When we talk about the results that show up in search engines, we often do so in terms related to relevance and importance of those results.

Sometimes the results we see, and that we don’t see, are influenced by other factors, such as steps taken by the search engines to reduce the amount of work that they have to perform in order to return results to searchers.

Using Two Tiers of Search Results

If a search potentially returns thousands of results, and people only look at the first few pages of those results, it would make sense for a search engine to serve results in batches, and perhaps only initially use a modified (and much smaller) version of their database to answer search queries.

A first index tier may have a number of potential results pruned, so that documents that are more likely to be returned at top answers to searches are kept. The first batch of results returned to searchers may be taken from this pruned index.

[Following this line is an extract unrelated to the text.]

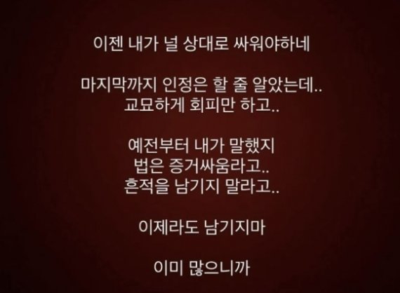 서주원은 11일 자신의 SNS을 통해 "이젠 내가 널 상대로 싸워야 하네 마지막까지 인정은 할 줄 알았는데"라며 "교묘하게 회피만 하고. 예전부터 내가 말했지. 법은 증거 싸움이라고. 흔적을 남기지 말라고. 이제라도 남기지 마. 이미 많으니까"라는 게시글을 게재했다.

While this approach allows a search engine to quickly return results for a search, it may provide a result sets page that miss some results that should have been included if those weren’t in this top tier of the index – with those documents appearing behind pages that are returned first.

A new paper from Alexandros Ntoulas of Microsoft and Junghoo Cho of UCLA, Pruning Policies for Two-Tiered Inverted Index with Correctness Guarantee, looks at avoiding “any degradation of result quality due to the pruning-based performance optimization, while still realizing most of its benefit.”

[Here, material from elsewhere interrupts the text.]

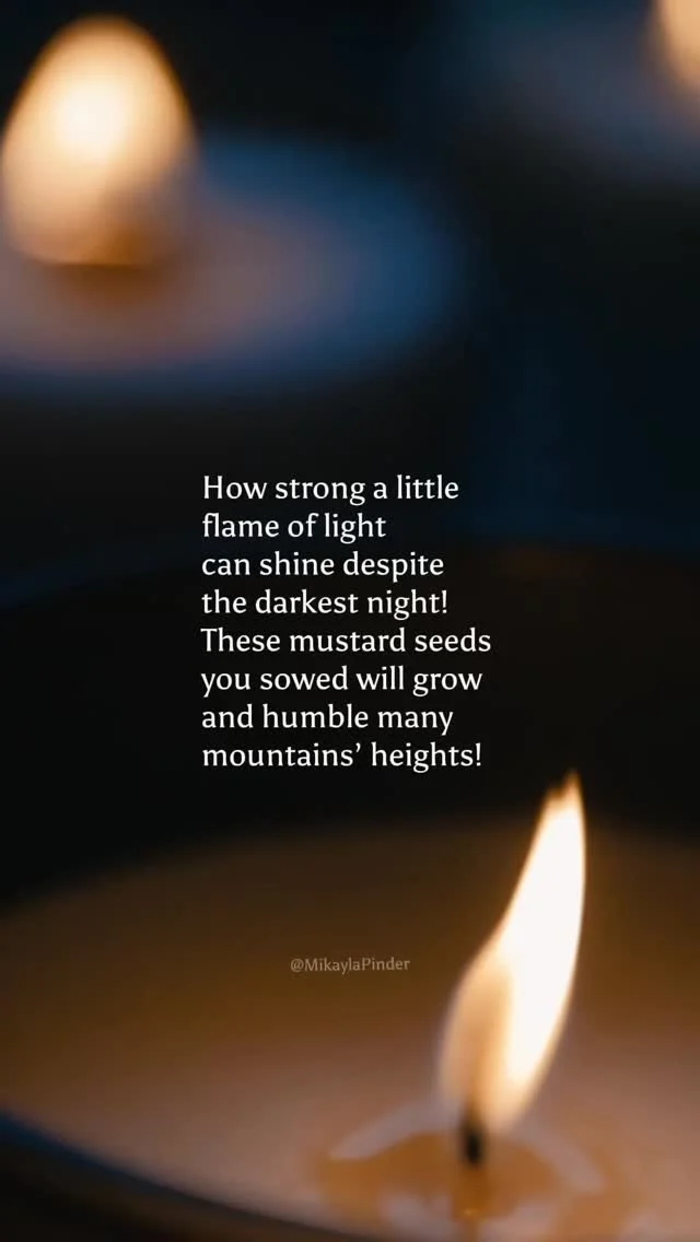 How strong a little flame of light can shine despite the darkest night! These mustard seeds you sowed will grow and humble many mountains’ heights!

Adding a Correctness Guarantee

The paper provides suggestions for search engines on how they could use a “correctness guarantee” to make sure that top results are included in the pruned index:

How can we avoid the potential degradation of search quality under the two-tier architecture? Our basic idea is straightforward: We use the top-k result from the p-index only if we know for sure that the result is the same as the top-k result from the full index.

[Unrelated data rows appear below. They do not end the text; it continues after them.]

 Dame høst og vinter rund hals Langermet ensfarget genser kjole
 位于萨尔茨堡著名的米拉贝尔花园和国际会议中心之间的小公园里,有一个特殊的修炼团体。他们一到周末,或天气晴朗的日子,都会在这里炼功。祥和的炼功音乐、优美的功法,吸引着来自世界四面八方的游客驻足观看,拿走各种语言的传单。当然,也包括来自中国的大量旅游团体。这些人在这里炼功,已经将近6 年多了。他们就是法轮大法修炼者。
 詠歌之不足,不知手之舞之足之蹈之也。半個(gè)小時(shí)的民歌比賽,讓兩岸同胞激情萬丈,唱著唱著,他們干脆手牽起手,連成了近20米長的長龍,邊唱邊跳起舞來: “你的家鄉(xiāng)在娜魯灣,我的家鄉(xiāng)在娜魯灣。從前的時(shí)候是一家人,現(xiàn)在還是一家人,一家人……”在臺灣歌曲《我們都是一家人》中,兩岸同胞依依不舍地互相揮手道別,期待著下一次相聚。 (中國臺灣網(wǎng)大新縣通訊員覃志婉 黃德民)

The problem with that approach is that calculating both the top results of the pruned index and the full index is more work than just calculating the top results of the full index. Of course, that correctness guarantee doesn’t need to be run everytime someone searches for a particular query, and that’s where there’s potential savings in computational resources.

The paper delves into how often a correctness guarantee should be run for different queries, and policies for pruning certain keywords and documents.

It’s a nice discussion of how a search engine’s inverted index may be managed and optimized. It also covers the assumptions that the authors make concerning how modern commercial search engines rank documents.